How to complete this task: Please print nothing but the lines from the one with "Porquê um filtro" to the last line of the records below, and omit pictures.

Extracted data:
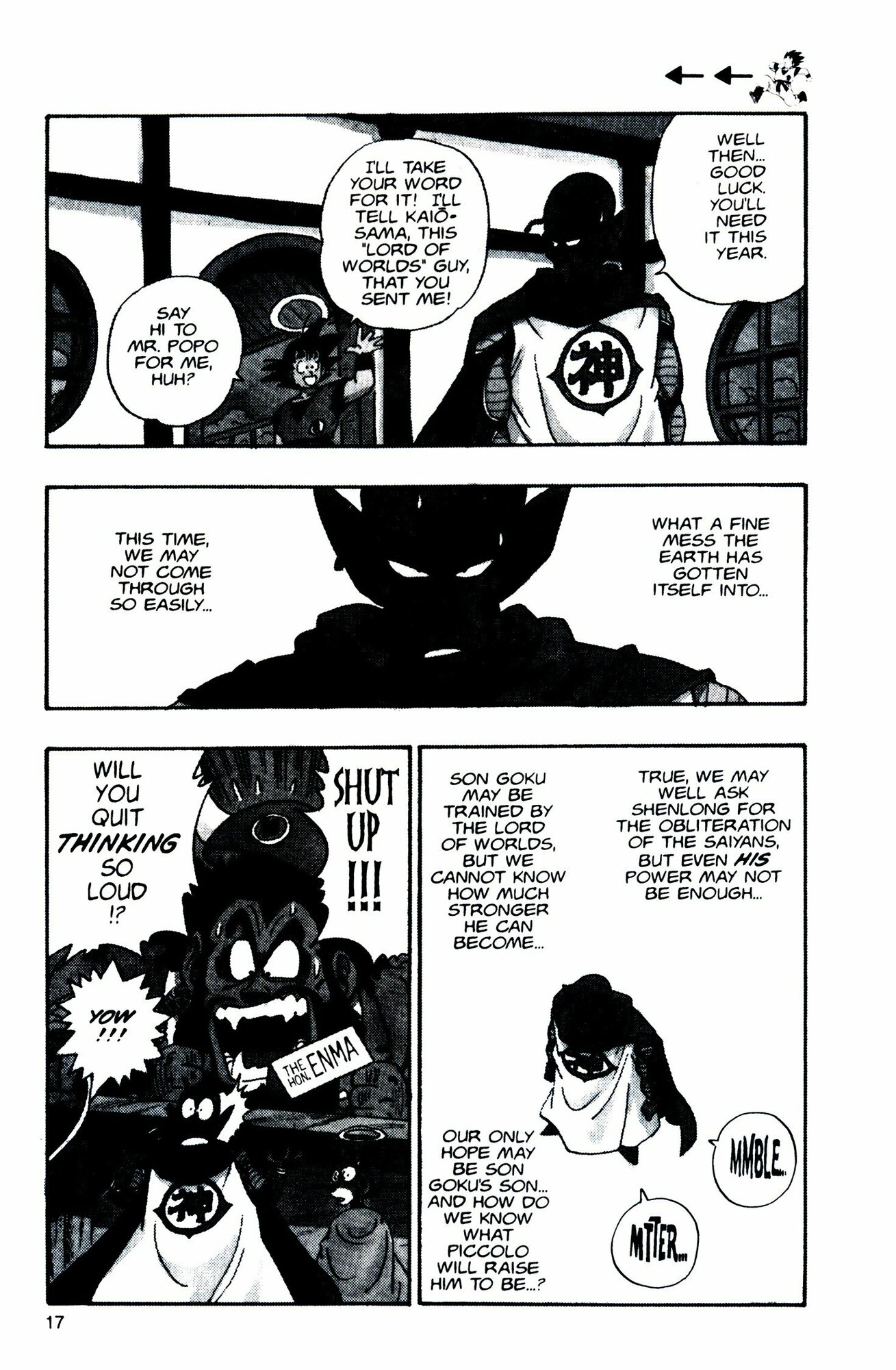 Goku is dead--but his journey is just beginning. Now he must travel through the afterlife along the million-kilometer Serpent Road to find Kaio-sama, the Lord of Worlds, who will teach him martial arts techniques so powerful they're reserved for the gods! And he'd better hurry, too, because Earth has only nine months until the evil Saiyans, Vegeta and Nappa, will arive to wipe the planet clean of life. While the archdemon Piccolo trains Goku's son Gohan to reach his full power potential, the alien spaceships rocket ever closer...bearing a power so awesome that even Earth's six strongest heroes may not be a match for it!!!
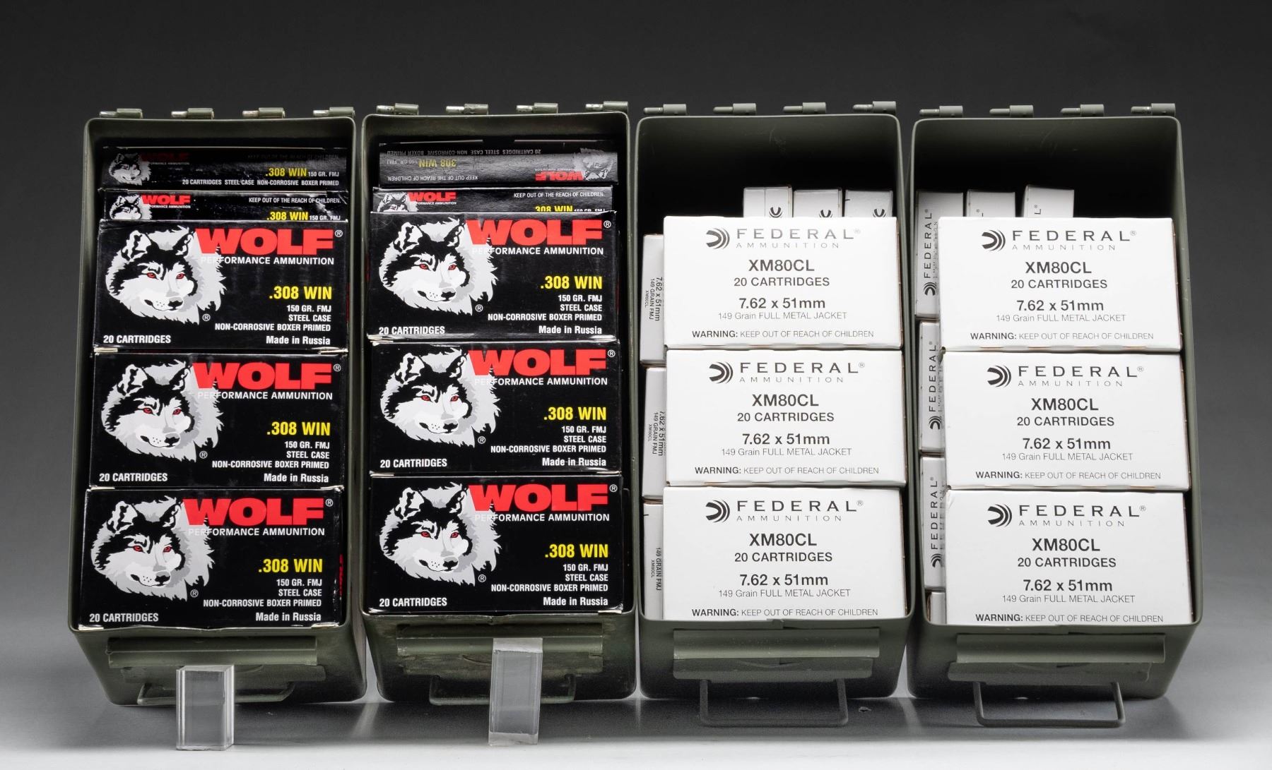 7.62X51 AMMO. All near excellent in 20 round boxes with FMJ bullets. Packed in 4 GI style 50 cal. cans. Wolf ammo made in Russia with steel cases, boxer primers, non-corrosive and 150 grain bullets. Federal ammo is 149 grain with stock number XM80CL. (02-25177-17/NW). $800-1,200.
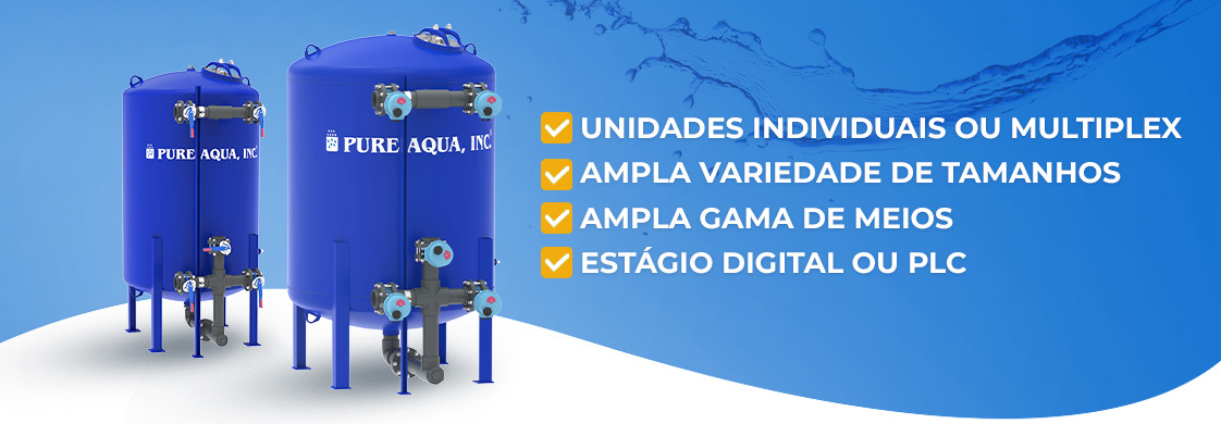 Porquê um filtro de pressão? Os filtros de pressão da Pure Aqua podem ser usados numa diversidade de condições de serviço incluindo, mas não limitado a aplicações industriais, municipais e institucionais. Para problemas com ferro, partículas suspensas, sedimentos, turvação, sabores e odores desagradáveis, coloração indesejada ou outros contaminantes comuns em águas superficiais, os filtros de pressão Pure Aqua são a solução ideal de purificação.
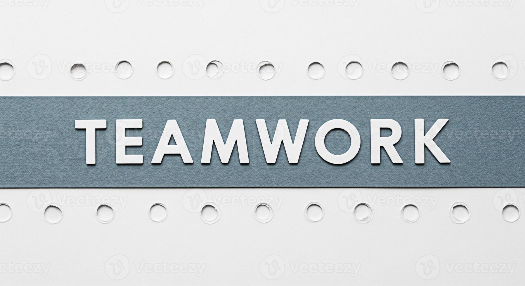 The word Teamwork displayed in white letters on a gray banner against a white background with evenly spaced holes symbolizing collaboration unity and the importance of working together effectively Pro Photo
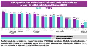 Los servicios de salud están muy cerca de recibir una calificación aprobatoria, pues el 58.6 por ciento expresa satisfacción por los servicios estatales de salud y del ahora desaparecido Instituto de Salud para el Bienestar (INSABI).

Task result:
 Porquê um filtro de pressão? Os filtros de pressão da Pure Aqua podem ser usados numa diversidade de condições de serviço incluindo, mas não limitado a aplicações industriais, municipais e institucionais. Para problemas com ferro, partículas suspensas, sedimentos, turvação, sabores e odores desagradáveis, coloração indesejada ou outros contaminantes comuns em águas superficiais, os filtros de pressão Pure Aqua são a solução ideal de purificação.
 The word Teamwork displayed in white letters on a gray banner against a white background with evenly spaced holes symbolizing collaboration unity and the importance of working together effectively Pro Photo
 Los servicios de salud están muy cerca de recibir una calificación aprobatoria, pues el 58.6 por ciento expresa satisfacción por los servicios estatales de salud y del ahora desaparecido Instituto de Salud para el Bienestar (INSABI).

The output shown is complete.